An IRS recruitment video depicts its agents arresting and detaining the operator of a small landscaping business for potential tax evasion.
The video was posted by Republican Representative Thomas Massie from Kentucky on Thursday.
The clip highlights the moment when students from Dixie State University in St. George, Utah simulate a routine IRS tax crime investigation. They're tasked with the arrest of hypothetical small business owner "Dodger," who was trying to sell his landscaping business.
Dodger was attempting to sell his small business for $1.5 million dollars, which according to the website ProfitableVenture.com, is the cost of a "medium scale landscaping business" and would yield a reasonable and common profit for the sale of the company.
In the scenario, the IRS suspects Dodger operated vehicles for his business that he may have purchased with money he didn't make from his business. Dodger didn't report the purchases of the vehicles to the IRS and the use of these vehicles for work solicited an undercover interview with IRS special agents.
The IRS agent asked, "Have you ever done any landscaping work before?"
"Just in my front yard," Dodger replied. His arrest ensued.
"Who are you guys? What is this?" Dodger exclaims as he is cuffed and on his knees.
"We're the IRS. You're going to jail, buddy," the student playacting an IRS agent exclaims.
IRS Special Agent Ron Marker explained, "Ammunition, handcuffs, first Aid, is generally what everybody wears" to these arrests.

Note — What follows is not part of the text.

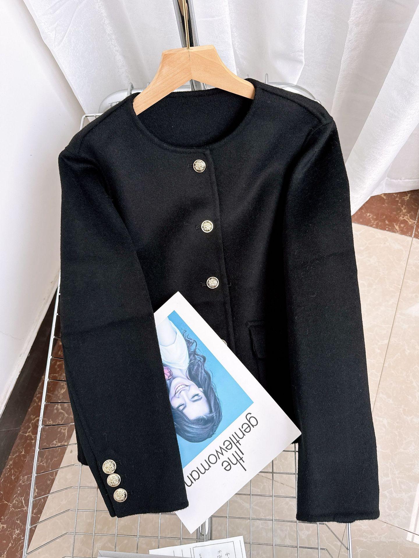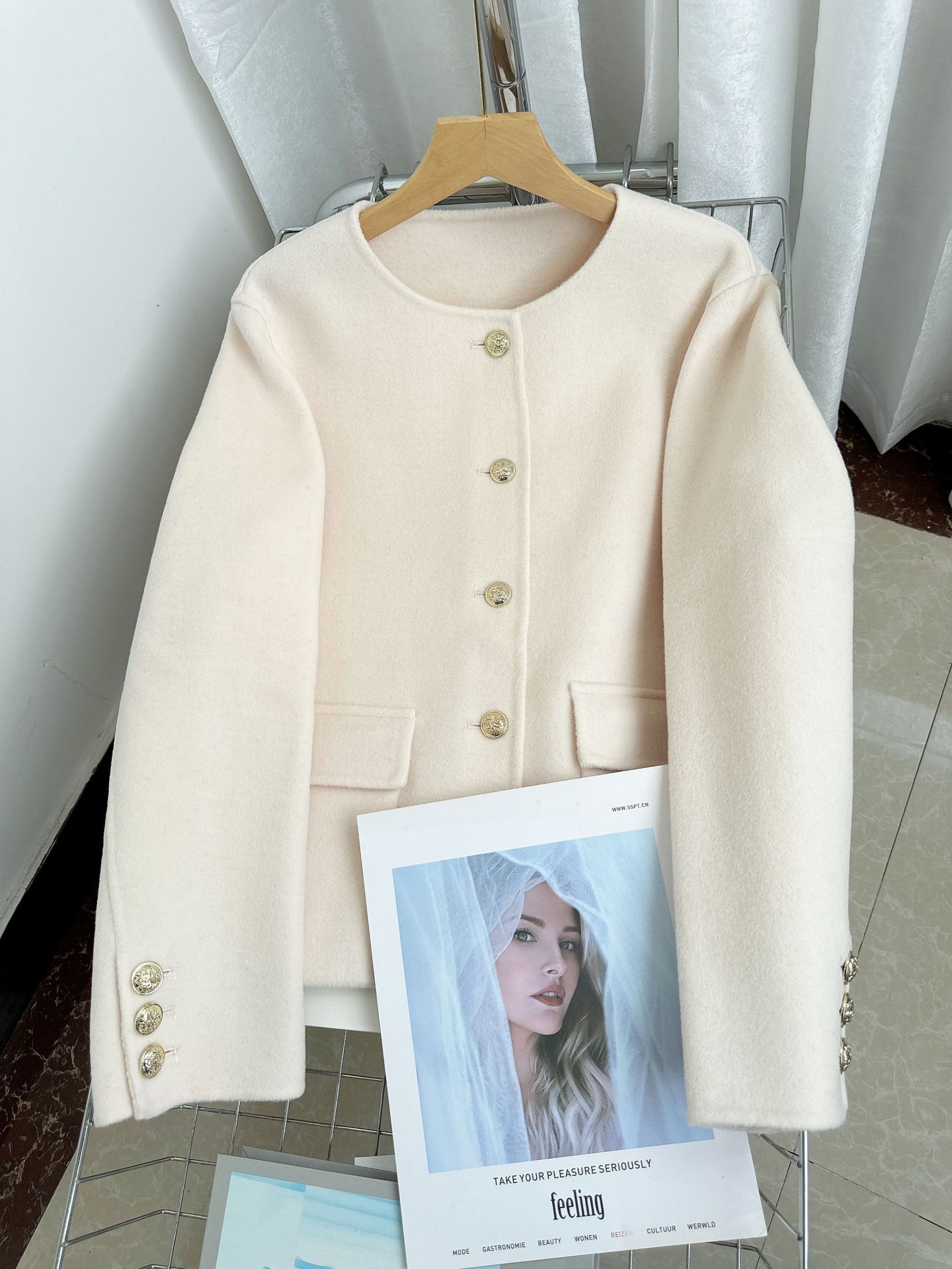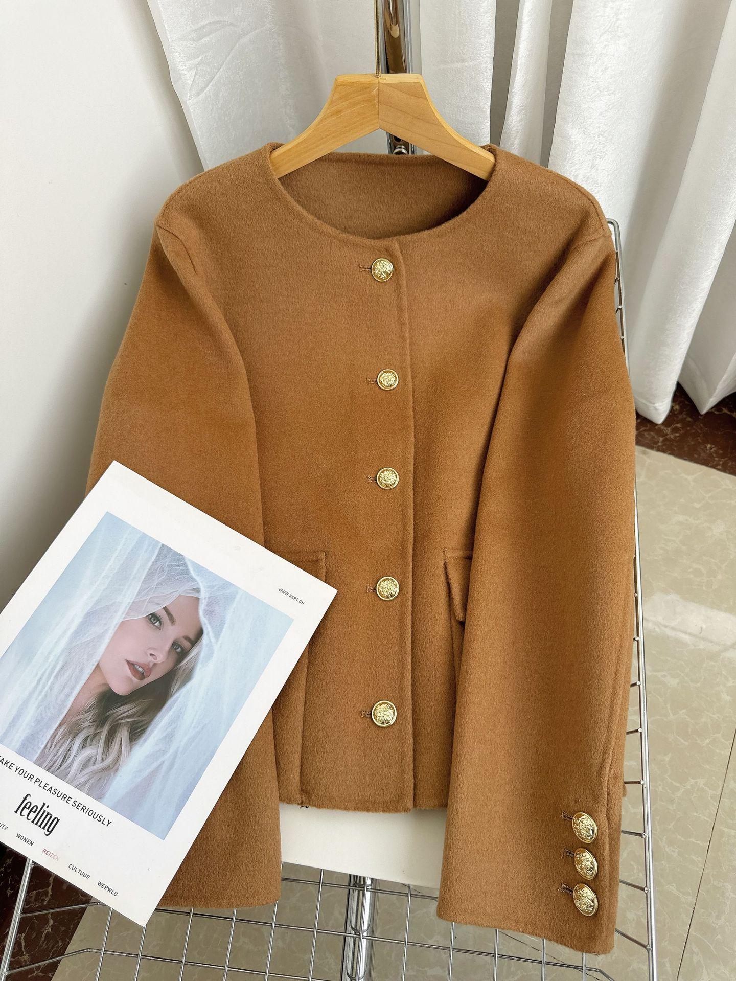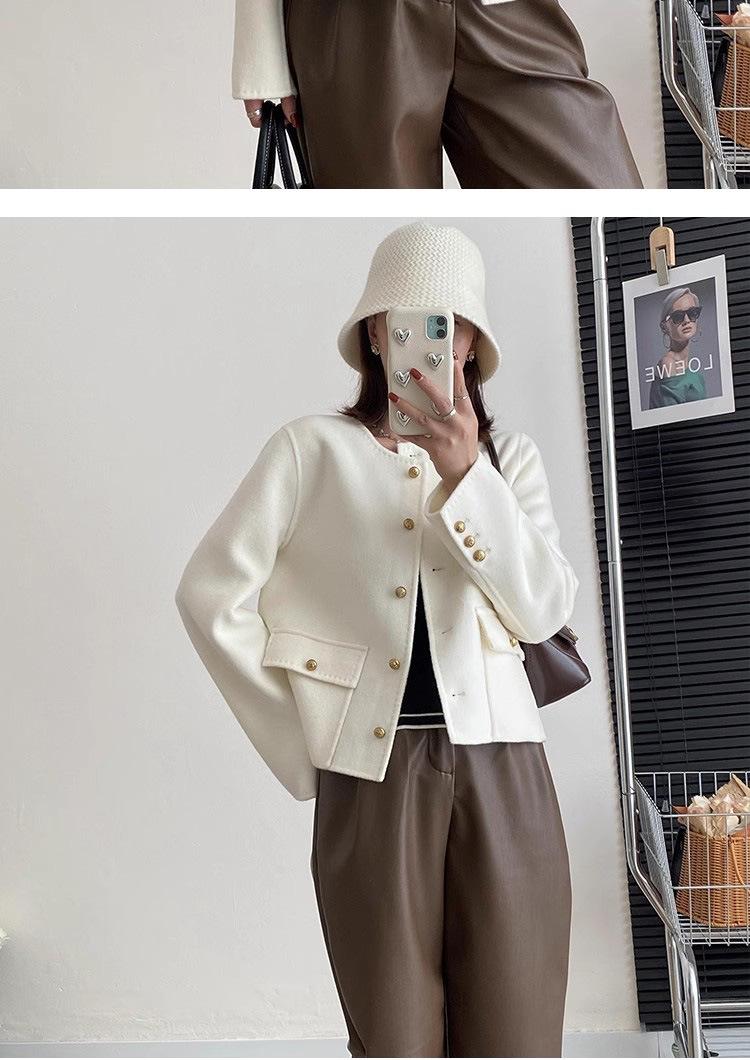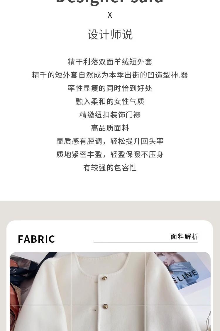 [Diseño de lujo ligero] Abrigo de cachemir de 100% lana de oveja para mujer, abrigo corto de tweed de doble cara nuevo para otoño e invierno.
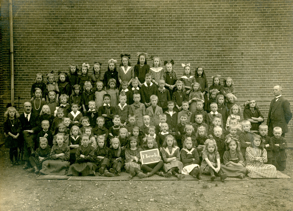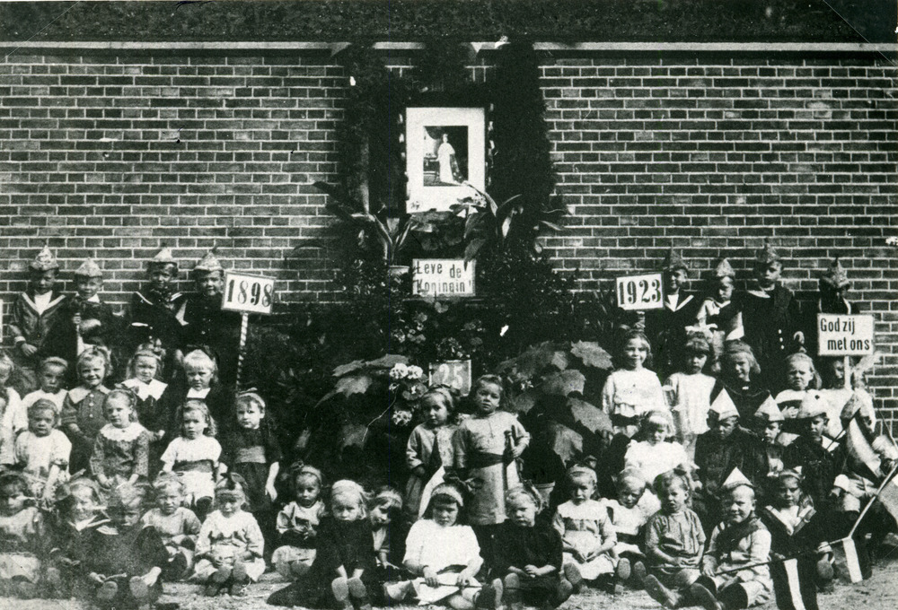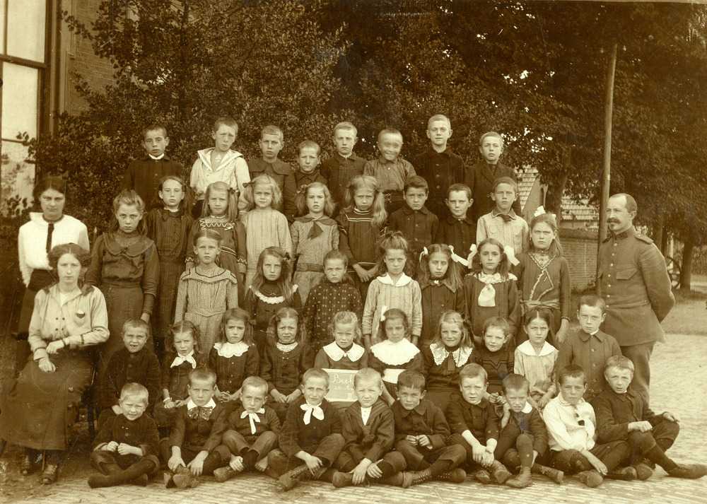 Zwart-wit foto van de leerlingen van de lagere schoo...

According to Reuters, the video is part of "the Adrian Project," which is a special IRS program designed to recruit college students into the agency, specifically the Criminal Investigation (CI) unit.
The IRS website says the Adrian Project, "provides students a glimpse into the career life of an IRS special agent and what a criminal investigation entails." IRS Supervisory Special Agent CI Casey Hill says that agents start at salaries around $60-70,000 and can top out around $175,000.
The recently passed Inflation Reduction Act, a $739 billion spending bill that will not reduce inflation, will increase the size of the IRS and create positions for nearly 87,000 new IRS agents, 70,000 of whom will be armed, by 2031.
According to the Congressional Budget Office, the IRS expansion will disproportionately target and harm small business owners.
Executive Vice President at National Taxpayers Union Foundation, Joe Hinchman, said, "The IRS will have to target small and medium businesses because they won’t fight back."